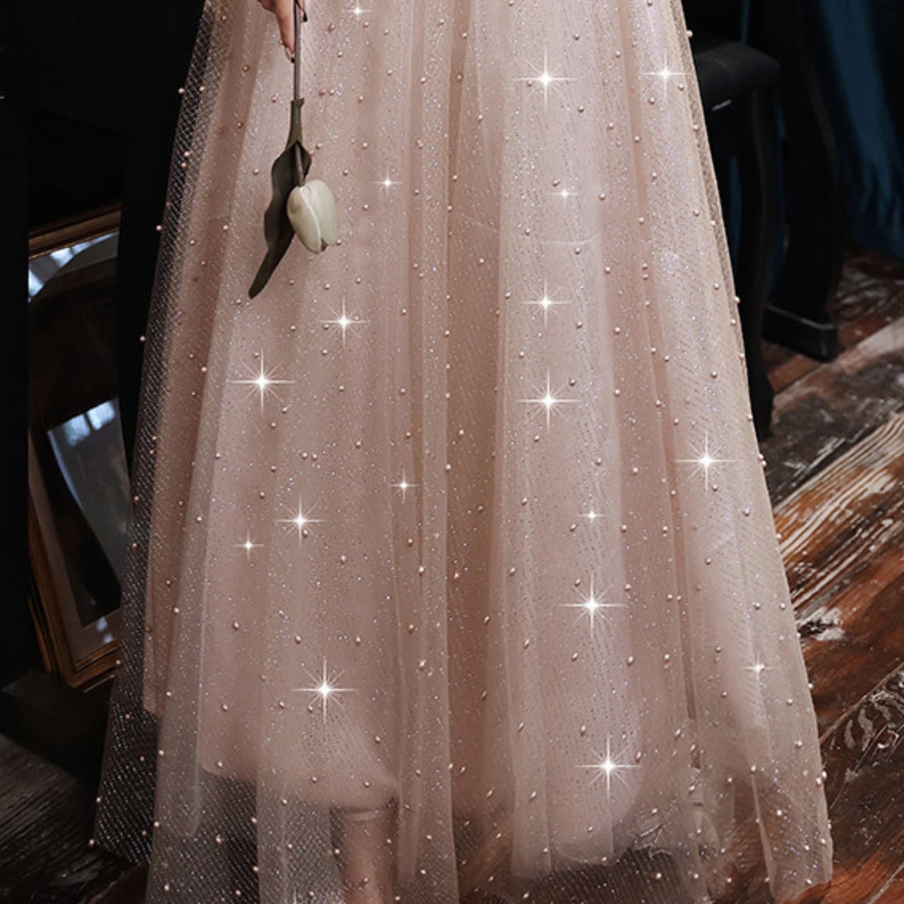 繊細な星型グリッターが生地全体に散りばめられ、一歩踏み出すたびに、まるで星空のように煌めく。
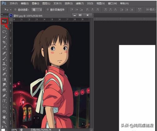 第二步:在左侧工具栏中选择“移动工具”,将素材图片移动到白色背景中。
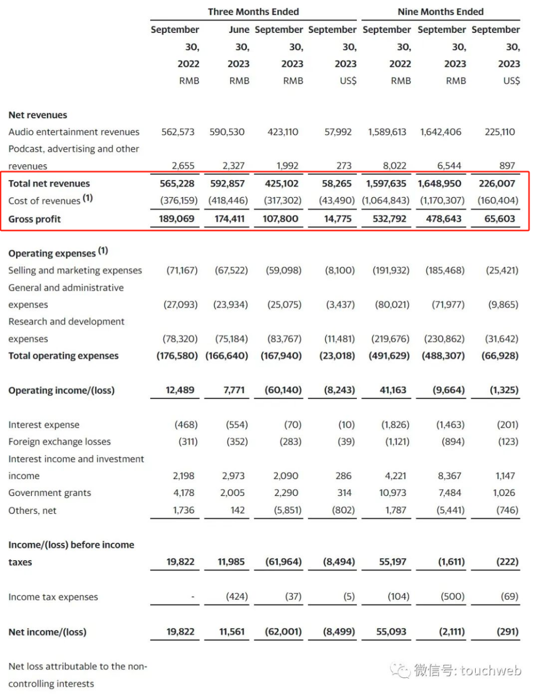 財報數據顯示,荔枝2023年第三季度毛利率為25%,毛利為1.08億元,2022年同期的毛利為1.89億元。儘管毛利同比基本持平,但三季度荔枝同比出現淨虧損,累計為6200萬元。
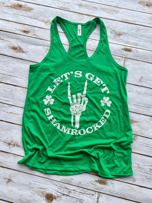 St Patrick's Day | Let’s Get Shamrocked | Skeleton Hand | Ladies Racerback Tank Top
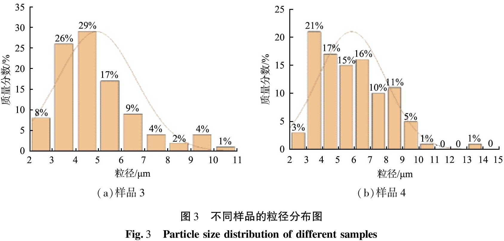 (a)样品3(b)样品4图3 不同样品的粒径分布图Fig.3 Particlesizedistributionofdifferentsamples
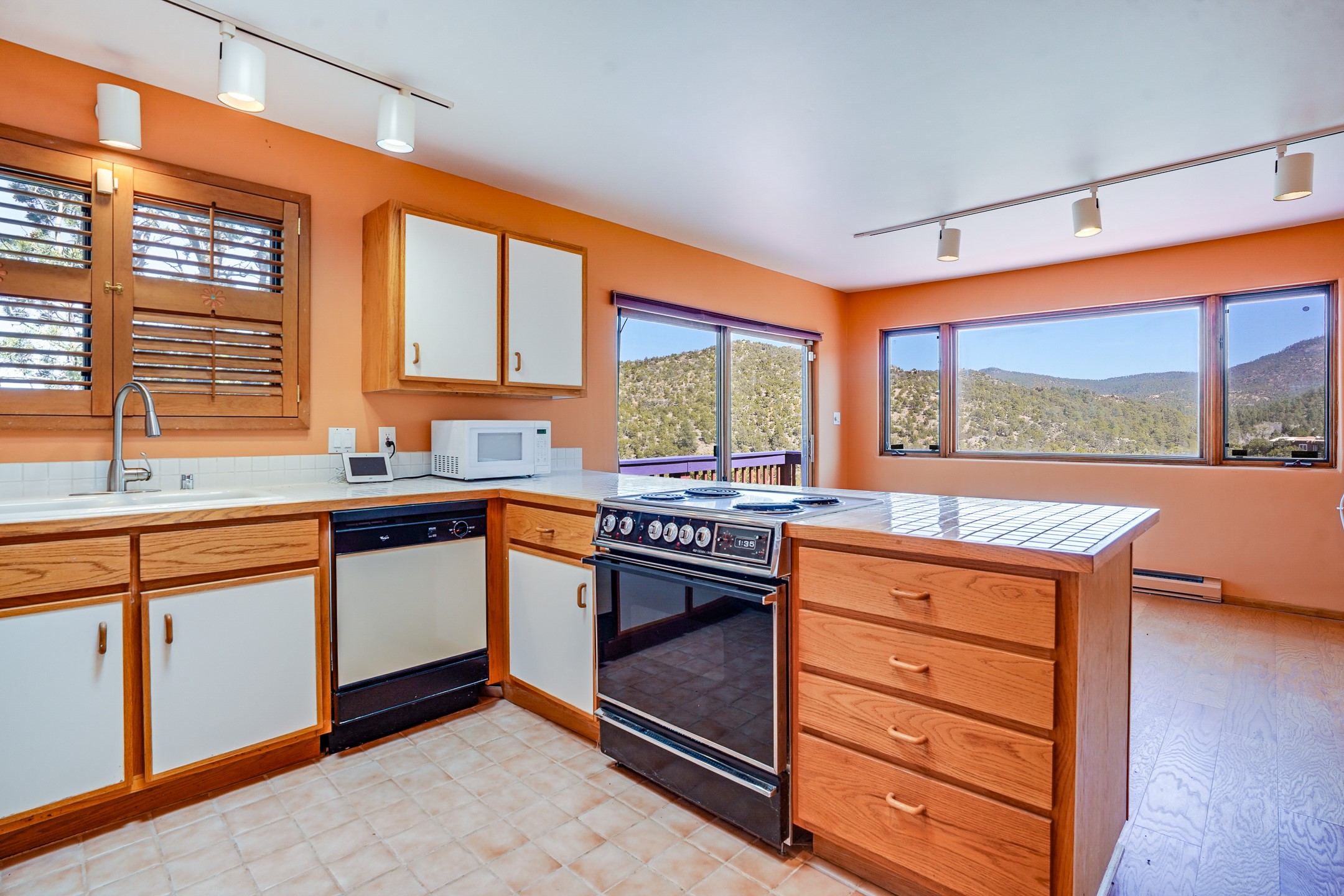 CASA SUNNA LUNA. Nestled just minutes off of the historic Old Santa Fe Trail and only 15 minutes from the heart of downtown Santa Fe, this adobe estate captures the essence of classic Southwestern elegance and modern comfort. Set on 5-acres, the property offers total privacy and breathtaking panoramic vistas of the Jemez Mountains and Santa Fe city lights.The main residence features a grand living and entertaining space adorned with multiple cozy kiva fireplaces, high viga accented ceilings, brick floors, iron work, colorful floral wall motifs, and traditional craftsmanship. Many recent practical improvements to the roof, exterior, and systems have also been made.Four spacious bedrooms make this a comfortable retreat for full-time living or hosting of guests. Not to be missed is the spacious, upstairs artist's retreat with panoramic views - the perfect place to paint, work, write, and create! The primary suite is private and appointed with a large ensuite bathroom, access to the enclosed in-ground spa, patio access, and sweeping sightlines across the high desert landscape. The grounds are equally serene with water features and fountains, multiple garden beds, and private patio enclaves. A long western-facing, covered portal, spanning the length of the main living room is the perfect outdoor extension to the main home's grand indoor living. A detached 1BD-1BA guest house, with its own garage, offers privacy and comfort for visitors, family or invites the potential for rental generating income. Whether you're soaking in the golden hour light from one of the many outdoor living spaces or relaxing by one of the property's four fireplaces, this one-of-a-kind property offers an unparalleled canvas equipped with undeniable tranquility, vistas and convenience to Santa Fe's exquisite destinations.
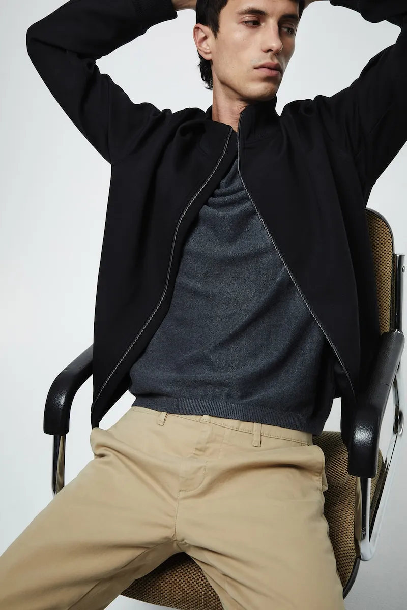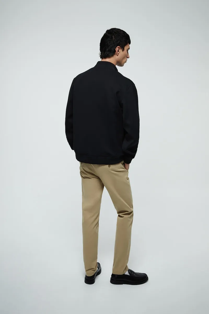 Прямые узкие чиносы с карманами. Застежка на пуговицу и молнию.
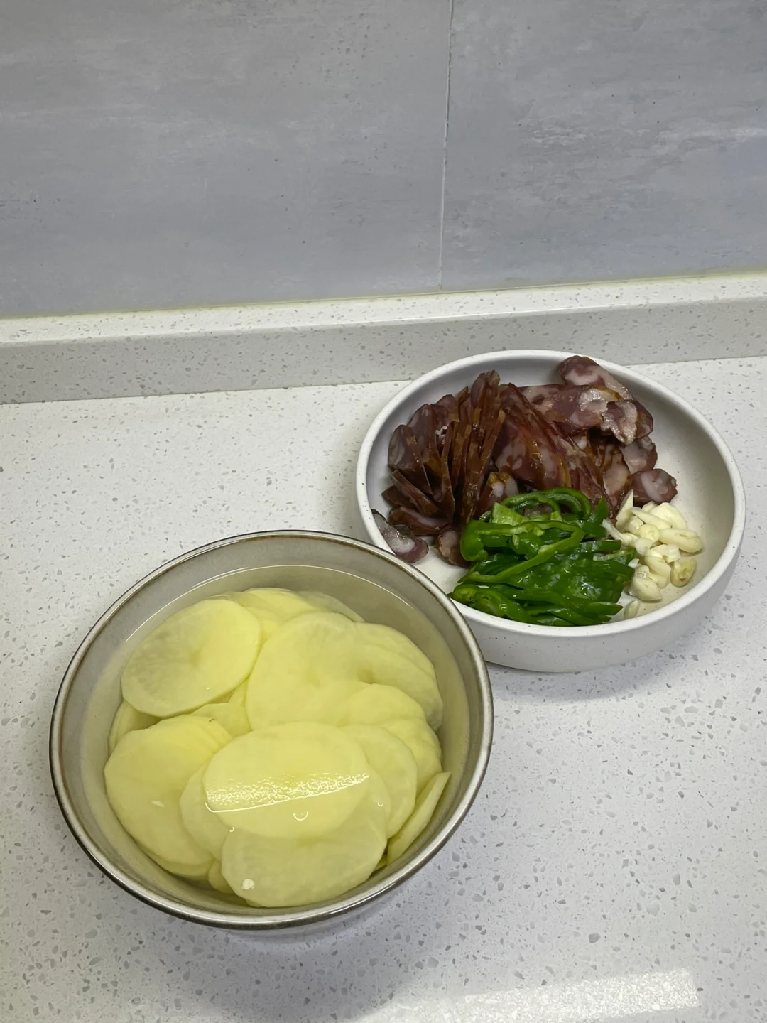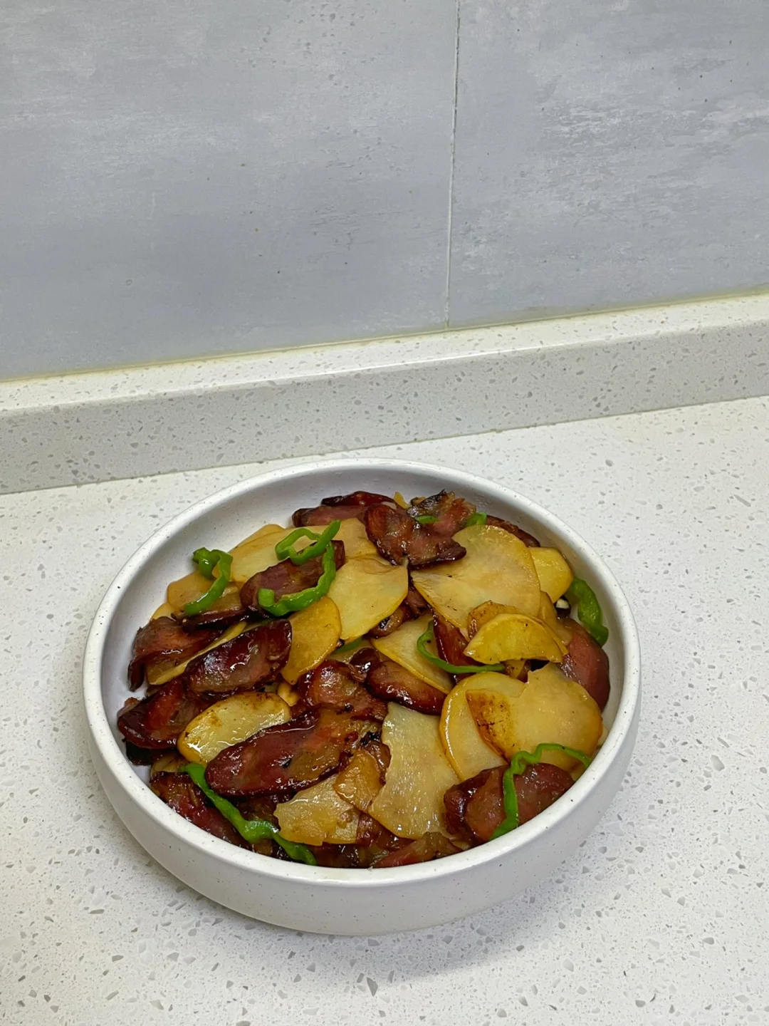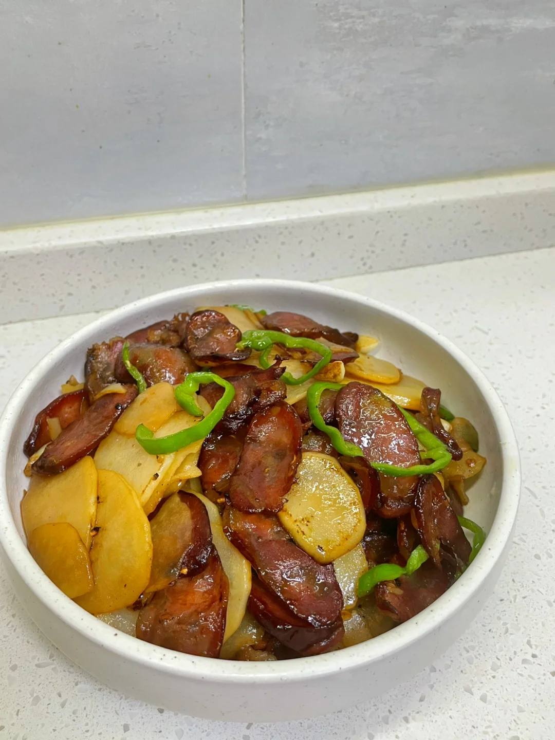 香滋滋的腊肠炒土豆片,妥妥的下饭神器🤤

──────

What is needed:
Begin at the first line of the listing and print each line exactly. Stop after the line containing "CASA SUNNA LUNA.", and omit all pictures.

Exercise output:
 繊細な星型グリッターが生地全体に散りばめられ、一歩踏み出すたびに、まるで星空のように煌めく。
 第二步:在左侧工具栏中选择“移动工具”,将素材图片移动到白色背景中。
 財報數據顯示,荔枝2023年第三季度毛利率為25%,毛利為1.08億元,2022年同期的毛利為1.89億元。儘管毛利同比基本持平,但三季度荔枝同比出現淨虧損,累計為6200萬元。
 St Patrick's Day | Let’s Get Shamrocked | Skeleton Hand | Ladies Racerback Tank Top
 (a)样品3(b)样品4图3 不同样品的粒径分布图Fig.3 Particlesizedistributionofdifferentsamples
 CASA SUNNA LUNA. Nestled just minutes off of the historic Old Santa Fe Trail and only 15 minutes from the heart of downtown Santa Fe, this adobe estate captures the essence of classic Southwestern elegance and modern comfort. Set on 5-acres, the property offers total privacy and breathtaking panoramic vistas of the Jemez Mountains and Santa Fe city lights.The main residence features a grand living and entertaining space adorned with multiple cozy kiva fireplaces, high viga accented ceilings, brick floors, iron work, colorful floral wall motifs, and traditional craftsmanship. Many recent practical improvements to the roof, exterior, and systems have also been made.Four spacious bedrooms make this a comfortable retreat for full-time living or hosting of guests. Not to be missed is the spacious, upstairs artist's retreat with panoramic views - the perfect place to paint, work, write, and create! The primary suite is private and appointed with a large ensuite bathroom, access to the enclosed in-ground spa, patio access, and sweeping sightlines across the high desert landscape. The grounds are equally serene with water features and fountains, multiple garden beds, and private patio enclaves. A long western-facing, covered portal, spanning the length of the main living room is the perfect outdoor extension to the main home's grand indoor living. A detached 1BD-1BA guest house, with its own garage, offers privacy and comfort for visitors, family or invites the potential for rental generating income. Whether you're soaking in the golden hour light from one of the many outdoor living spaces or relaxing by one of the property's four fireplaces, this one-of-a-kind property offers an unparalleled canvas equipped with undeniable tranquility, vistas and convenience to Santa Fe's exquisite destinations.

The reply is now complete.